Antic Face: Ready to Tackle Inequality in Theater

From the Greeks to Shakespeare, the stage has long been a male-dominated domain. Women as actresses were akin to prostitutes in England until the late Victorian era, at least. Although now we have women treading the boards and gracing the silver screens, there remains an imbalance. The roles played by women are often smaller, less vital, and support the male-driven stories. This week alone has seen a media storm in a teacup over how Renée Zellweger looks, and although an actress does rely heavily on her face to make a living, the emphasis ought to be on how she conveys emotion through facial expressions rather than about whether or not she has had plastic surgery!

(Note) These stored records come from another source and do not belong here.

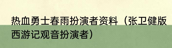 热血勇士春雨扮演者资料(张卫健版西游记观音扮演者)
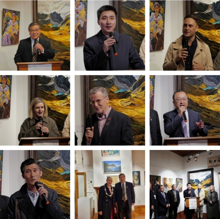 中国驻奥克兰总领事馆副总领事王俊超,国会议员:Hon. Jenny Salesa,Mr. Shanan Halbert,Ms. Camilia Belich,新中友协奥克兰分会副主席兼秘书长Mr. Leo de Graaf,奥克兰中国文化中心主任王建文,新西兰画笔美术学校校长王延珂出席并致辞。共同感谢主办方,协办方,后援方,赞助单位,媒体,美术作者,志愿者的努力和奉献。预祝画展圆满成功。
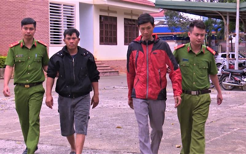 Hai đối tượng Sĩ và Cẩn tại Công an TP Buôn Ma Thuột - Ảnh: Báo Nhân Dân điện tử |
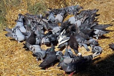 Keywords: pigeons swarm eating feather plumage birds spring dress poultry
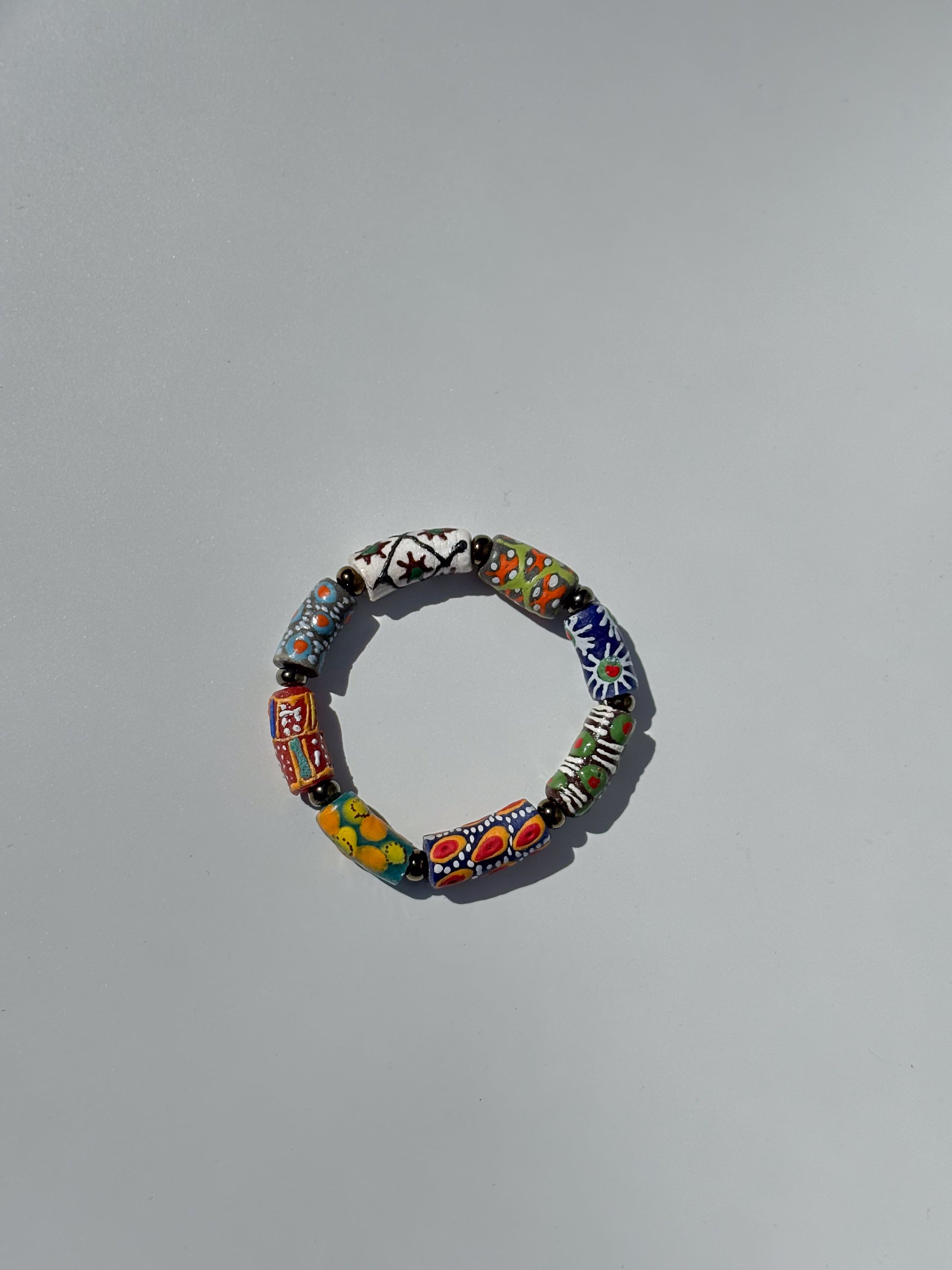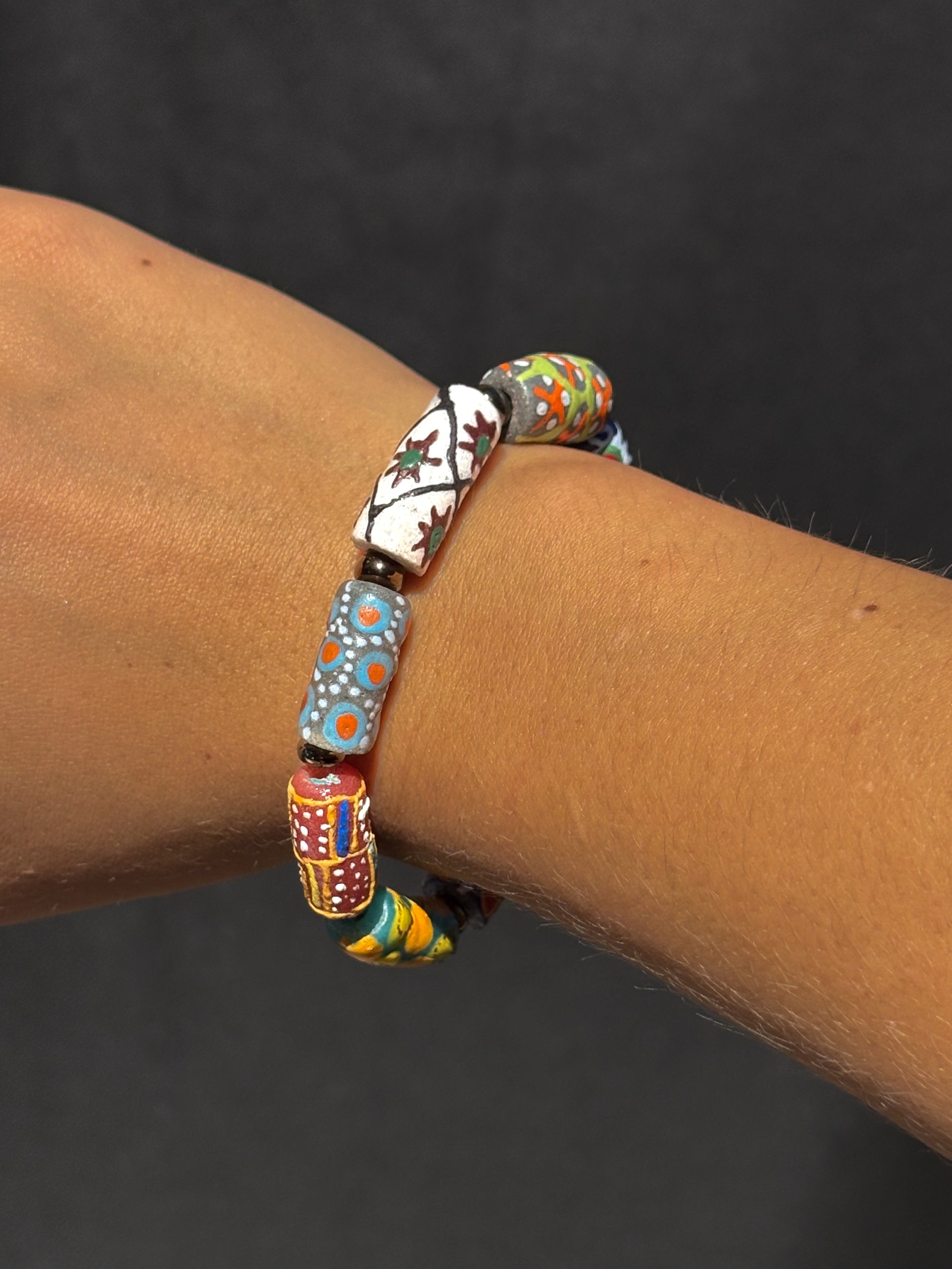 Handmade bracelet created with beautiful hand painted recycled glass beads from Ghana.
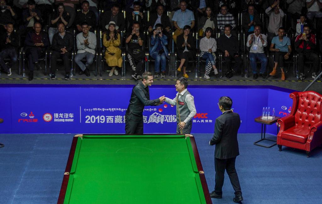 2019西藏斯諾克巔峰對(duì)決比賽中,塞爾比(左一)祝賀丁俊暉單桿打出147的滿(mǎn)分。新華社記者 晉美多吉 攝
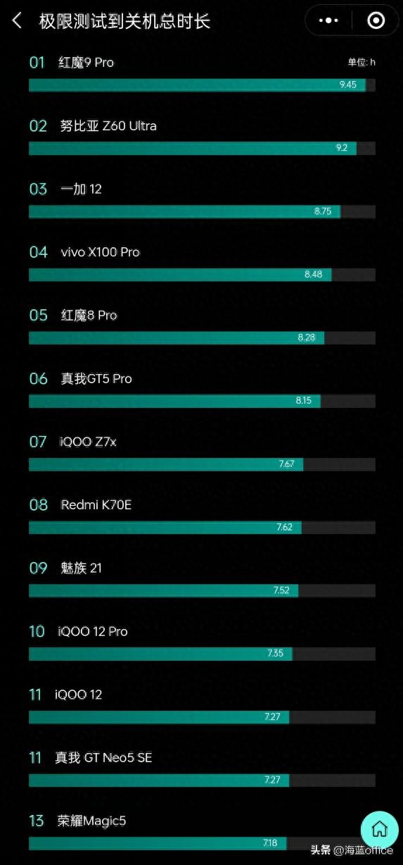 可以看到,许多一线品牌的手机并未上榜,并不是手机越贵,续航时间就会越长,也并非电池容量越大,续航时也会越长。
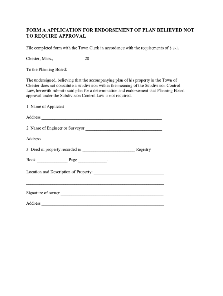FORM A APPLICATION FOR ENDORSEMENT OF PLAN BELIEVED NOT TO REQUIRE APPROVAL File completed form with the Town Clerk in accordance with the requirements of 21. Chester, Mass., 20 To the Planning Board:
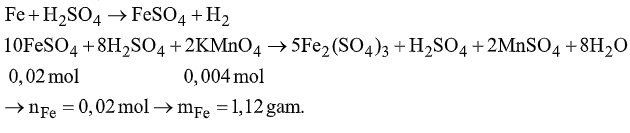 Câu 10. Hòa tan một hợp kim Fe – Cu nặng 2,0 gam bằng dung dịch \({H_2}S{O_4}\) loãng dư, loại bỏ kết tủa được dung dịch A. Dung dịch A làm mất màu vừa hết 40 ml dung dịch \(KMn{O_4}\) 0,1M. Hàm lượng sắt nguyên chất trong hợp kim là
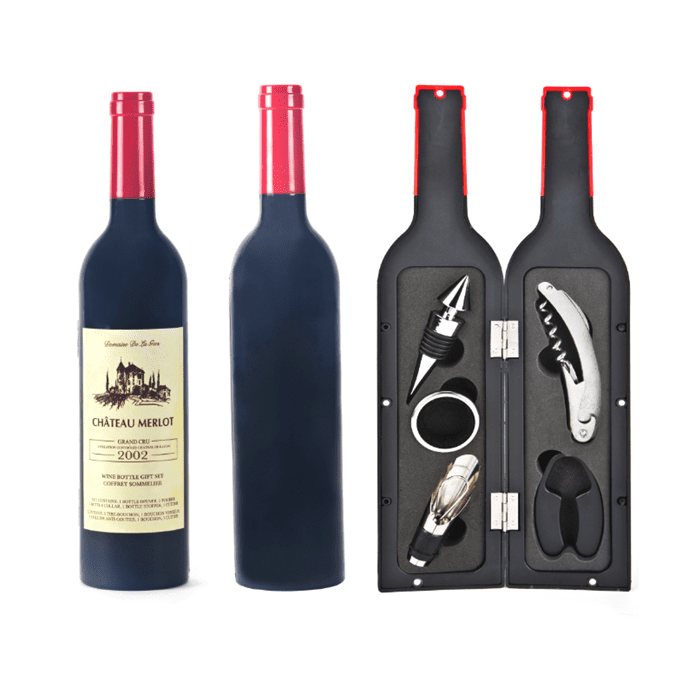 מארז אביזרי יין במעמד בצורת בקבוק.
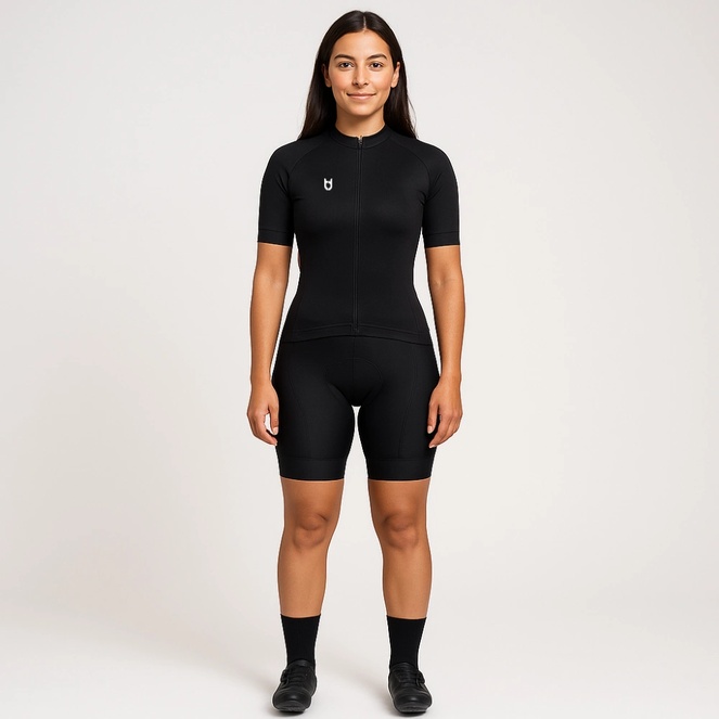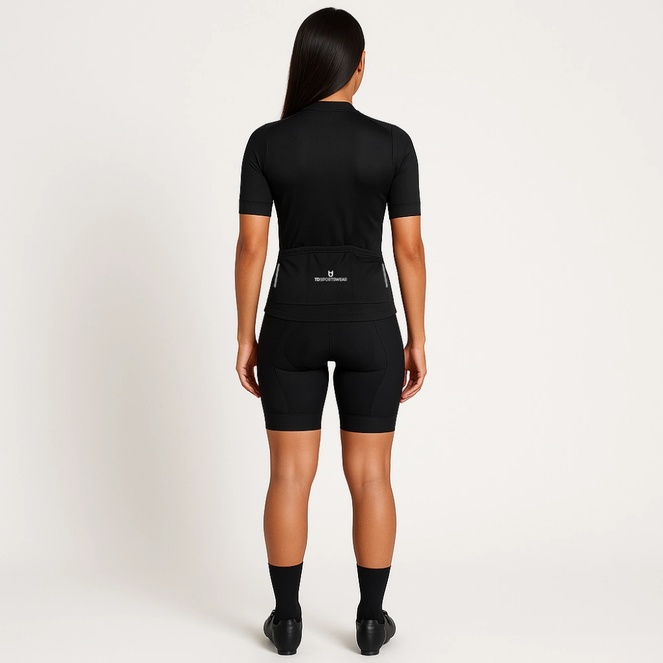 Cyclists wearing custom cycling jerseys in black riding road bikes during group ride in city
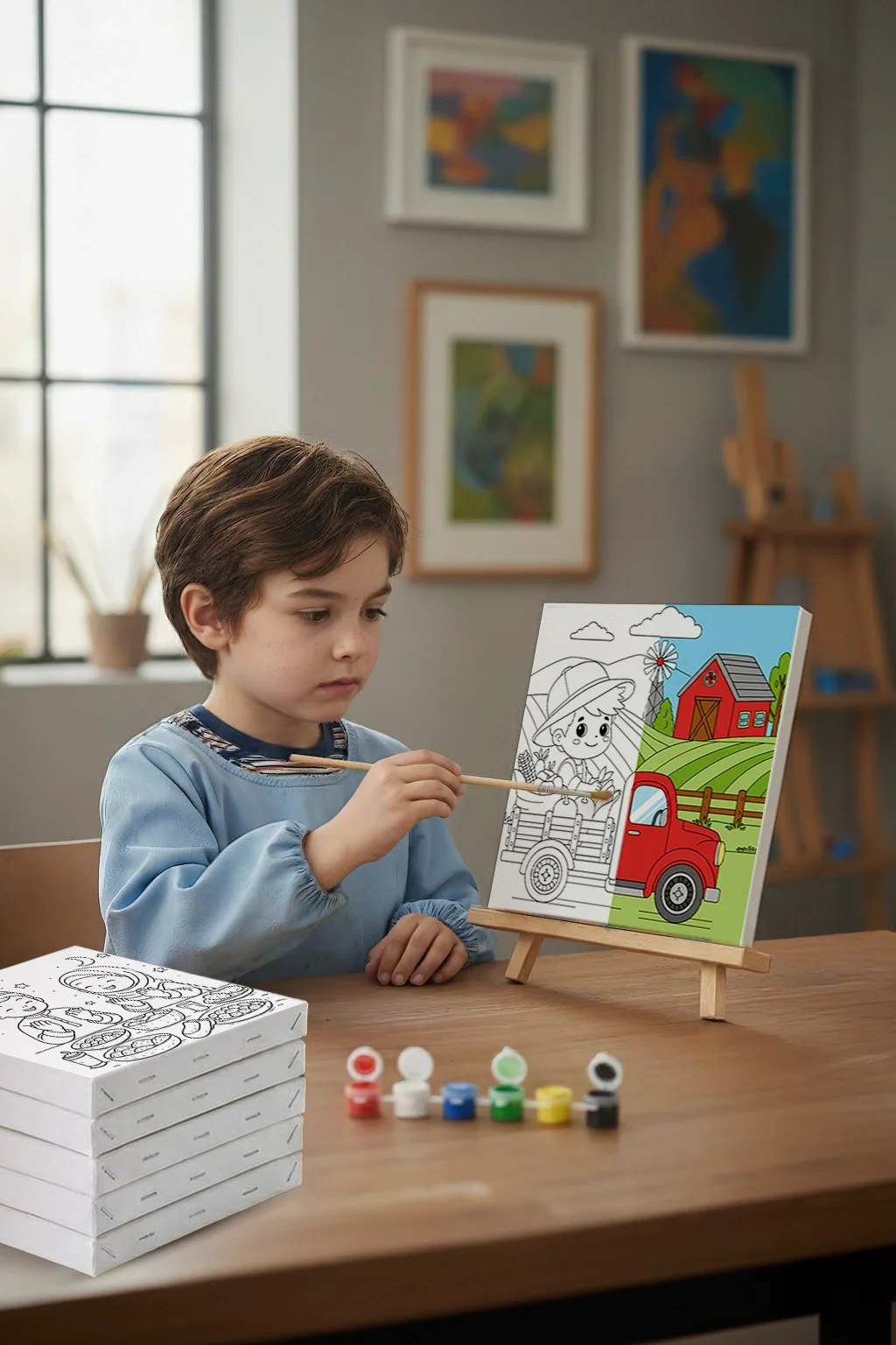 Tarlalar, rüzgar gülü, çiftlik evi ve ürün yüklü kamyon sahnesi, çocukların ilgisini çeken eğlenceli bir hikâye sunar. çocuklar için boyama tuvali, çocukların doğa ve çiftlik yaşamını keşfederken renklerle özgürce boyama yapmasına yardımcı olur.
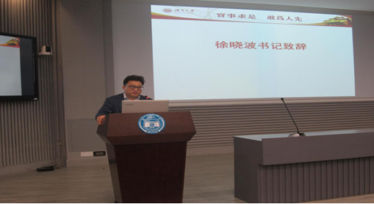 开班仪式伴随着庄严的国歌拉开帷幕。学院党委书记徐晓波上台致辞,提出“三个希望“,第一希望青年学生作为党的后备力量紧密围绕在党的周围,使自我发展步伐始终与党保持一致,第二希望同学们通过学习树立远大理想信念,第三希望各位同学端正入党动机提高政治修养为加入党组织打下坚实基础,最后表达了对各位同学早日加入中国共产党的祝愿,开班仪式在悠悠校歌声中结束。
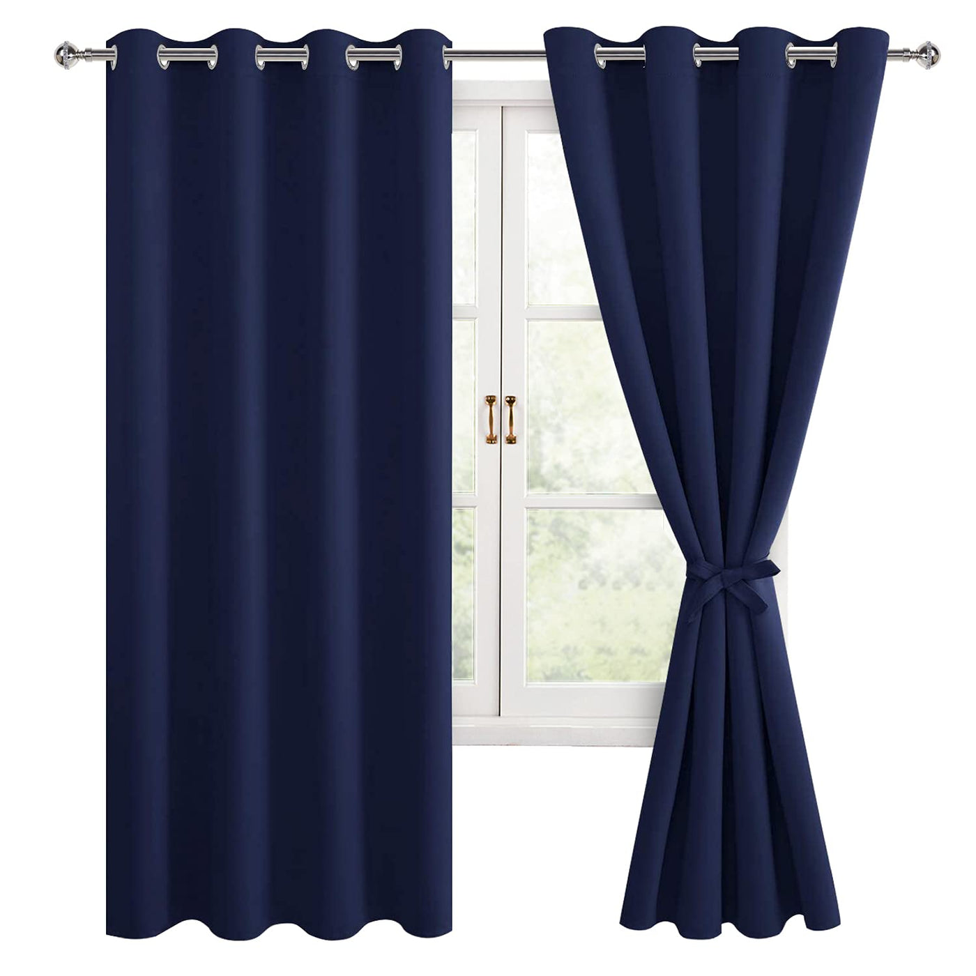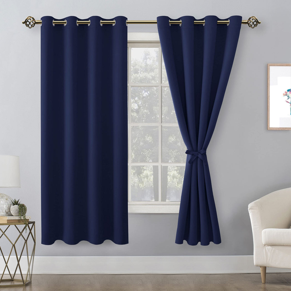 Hiasan Blackout Curtains For Bedroom, 52 X 63 Inches Length - Thermal Insulated & Light Blocking Window Curtains For Living Room, 2 Drape Panels Sewn With Tiebacks, Navy Blue
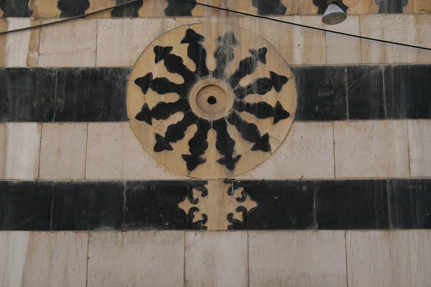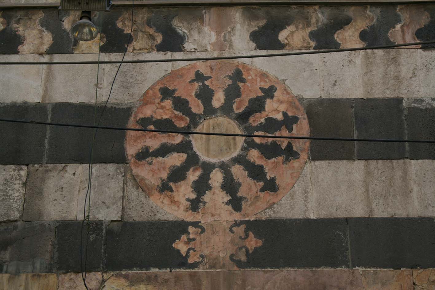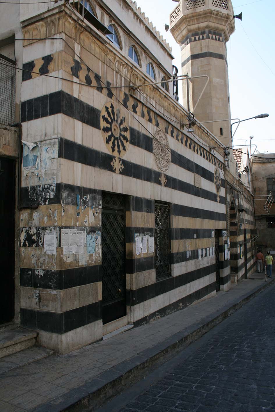 L’édifice présente une façade en ablaq richement ornée d’une frise (ill.1-4) et de médaillons surmontant chaque ouverture (ill.6-9). Un minaret s’élève au-dessus du portail d’accès.
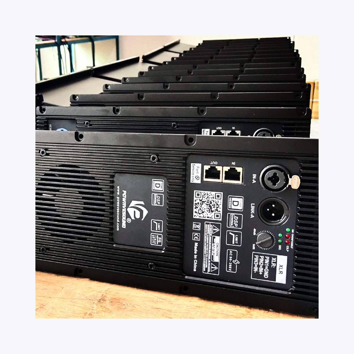 - Professional-grade audio class D amplifier circuit, Bi-AMP design, RS485 networking.
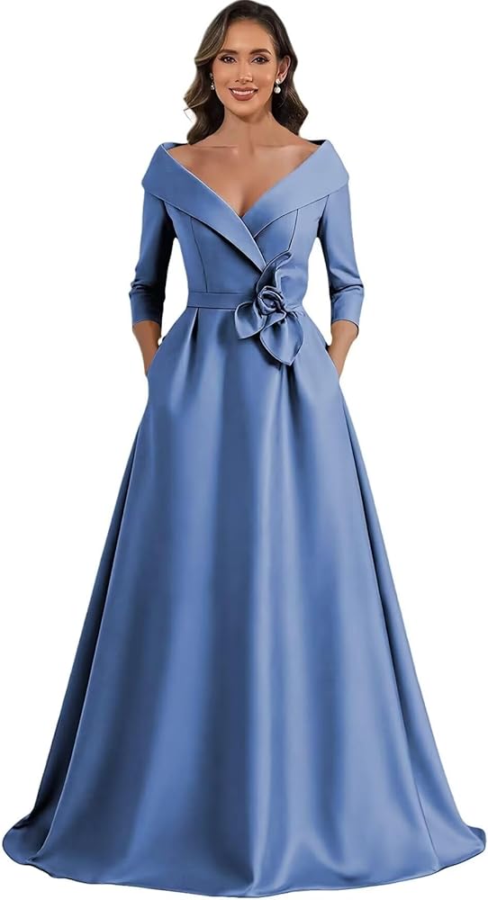 فساتين أم العروس من الساتان للنساء بدون أكتاف وأكمام طويلة فستان رسمي لحفلات الزفاف مع جيوب in Kuwait

So it was a welcome relief to find out about new theater company, Antic Face, which is about to stage its first production at London’s Victoria and Albert Museum. Antic Face was founded by Cambridge alumni Emma Hall and Charlie Parham as a means to redress gender inequality in the arts. Not only are they committed to putting on plays with strong female characters and an equal gender split in terms of casting, but they are also focusing on educating people in order to positively promote gender equality on the stage and provide a platform for young people to gain access to the arts on a professional level. Having an agenda that is explicit in its desire to close the gender gap through gender blind casting and an emphasis on staging productions that have strong female characters is a change from the norm. It’s a bold move in an industry that has in the past been focused on promoting negative stereotypes of women.

Hippolytos by Euripides is their first production, running from November 1–27 in the tunnels of Victoria and Albert. We will certainly be supporting this new venture that will work towards remedying the gender divide in theater!